40-latek zrobił zakupy w jednym ze sklepów w Zabrzu (woj. śląskie). Jak informuje policja, z marketu chciał wyjść z zabawkowym dronem, za który zapłacił tyle, ile kosztowała miska. - Przekleił naklejkę z ceną z tańszego produktu na droższy - przekazują funkcjonariusze. Mężczyzna odpowie za oszustwo. Grozi mu do ośmiu lat więzienia.
W czwartek (8 grudnia) policjanci zostali wezwani do jednego z marketów w Zabrzu. - Z informacji wynikało, że ochroniarze ujęli tam mężczyznę, który przykleił naklejkę z ceną z tańszego produktu na droższy. Wcześniej zauważyli, że klient podejrzanie się zachowywał - relacjonuje mł. asp. Sebastian Bijok z policji w Zabrzu. I dodaje: - 40-latek zerwał z taniej miski metkę z ceną i nakleił ją na zabawkowego drona.
Czytaj też: Policjant miał podmienić opakowanie, by "oszczędzić" 5 złotych. Zarzuty i zwolnienie ze służby
Odpowie za oszustwo, grozi mu do ośmiu lat więzienia
Różnica w cenie produktów - jak podaje policja - wynosiła 165 złotych. 40-latek został powstrzymany przez ochroniarzy - przed wyjściem ze sklepu - już za linią kas. Okazało się, że był pijany.
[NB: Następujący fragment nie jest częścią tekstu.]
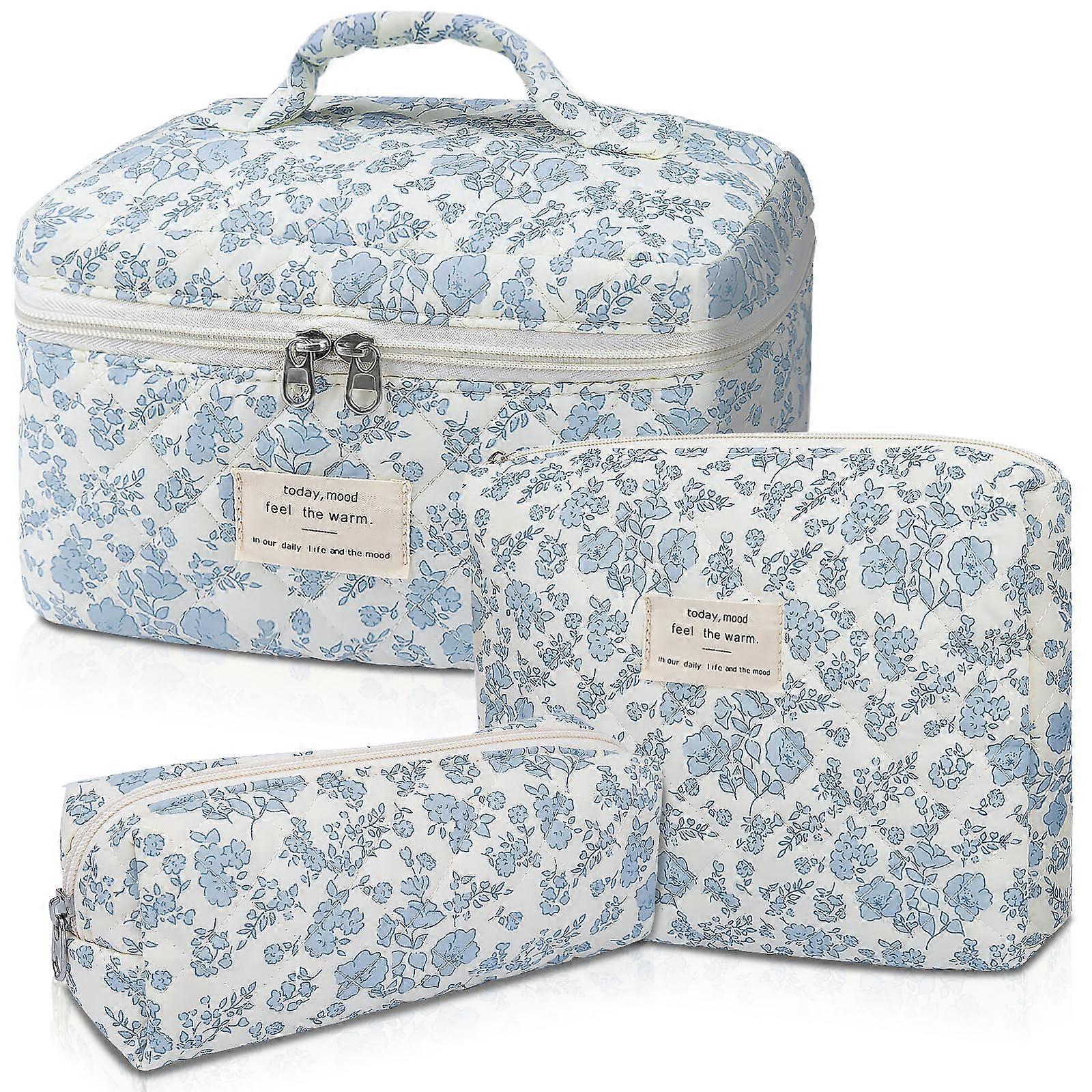 Makeup Bag, Large Quilted Cosmetic Bag, Big Floral Make Up Bag for Women , Cute Cotton Makeup Bag Set, Flower Travel Toiletry Organizer Bag BDLH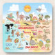Cena brilhante e feliz - uma vista cartoon map do sul da Califórnia - personagens encantadores desfrutam do quente SoCal sun - Los Angeles, San Diego, Anaheim, Papais noeis Barbara, Riverside, Palm Primaveras e El Centro são apresentados - Anza Borrego Desert State Park e Joshua Tree National Park estão incluídos, assim como as cidades fronteiriças de Tijuana, Tecate e Calexico, no México.

Miał ponad dwa promile alkoholu w organizmie.
Po wytrzeźwieniu usłyszał zarzuty dotyczące oszustwa. - Zachowanie polegające na zmianie metki na produkcie w celu zakupienia go po cenie tańszej niż rzeczywiście kosztuje, traktowane jest przez polskie prawo jako oszustwo - przypomina Bijok. A za to grozi do ośmiu lat więzienia. - Co ważne, jest to przestępstwo w każdym przypadku, niezależnie od wartości wyłudzonego towaru - podkreśla policjant.